#### [PROBLEM TO WORK ON]
Restate the listing below word for word, omitting any images.

#### [RECORDED INFORMATION]
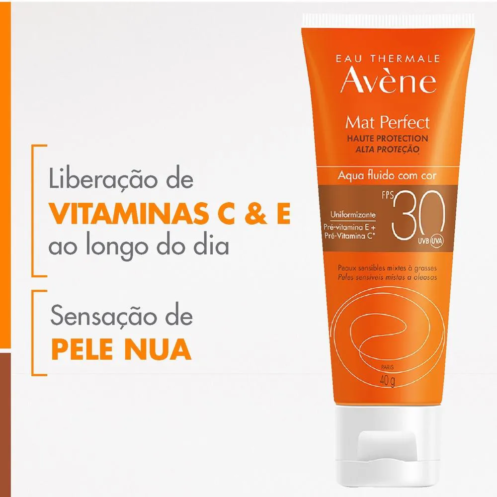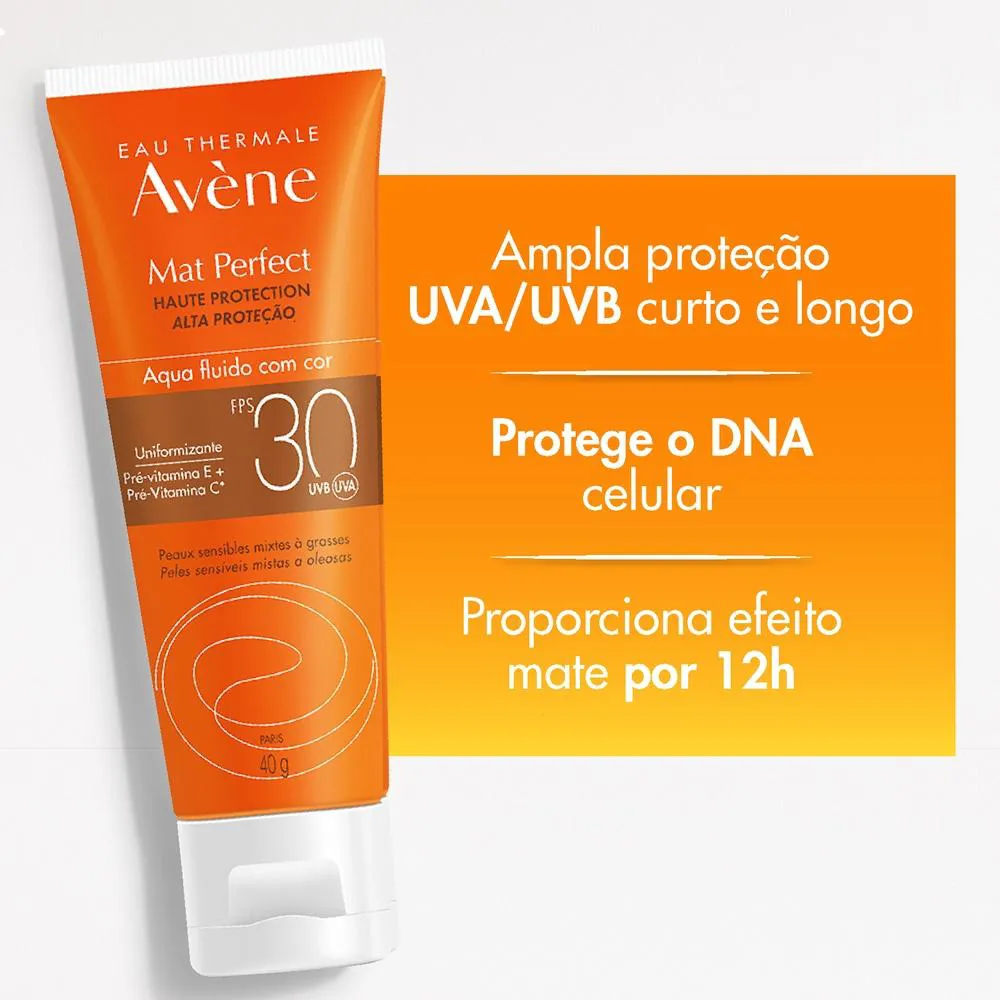 Mat Perfect Avène Aqua-Fluido é um protetor solar facial com cor que protege a Pele contra os danos causados pelo sol, controla a produção de óleo do rosto e previne envelhecimento precoce.
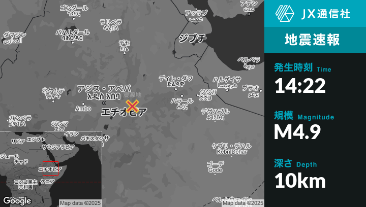 | 震源地 | エチオピアのMetahāraから北北東11kmの地点 |
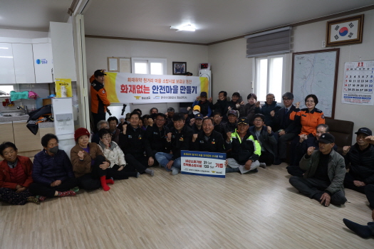 주요 내용으로는 ▲마을이장 명예소방관 위촉식 ▲소방시설(마을 공동 소화기함 21개·주택용 소방시설 120Set) 기증식 ▲소화기 사용법 교육 ▲화재없는 안전마을 현판식 ▲주택용 소방시설 방문 설치 등이다.

#### [COMPLETED TASK]
 Mat Perfect Avène Aqua-Fluido é um protetor solar facial com cor que protege a Pele contra os danos causados pelo sol, controla a produção de óleo do rosto e previne envelhecimento precoce.
 | 震源地 | エチオピアのMetahāraから北北東11kmの地点 |
 주요 내용으로는 ▲마을이장 명예소방관 위촉식 ▲소방시설(마을 공동 소화기함 21개·주택용 소방시설 120Set) 기증식 ▲소화기 사용법 교육 ▲화재없는 안전마을 현판식 ▲주택용 소방시설 방문 설치 등이다.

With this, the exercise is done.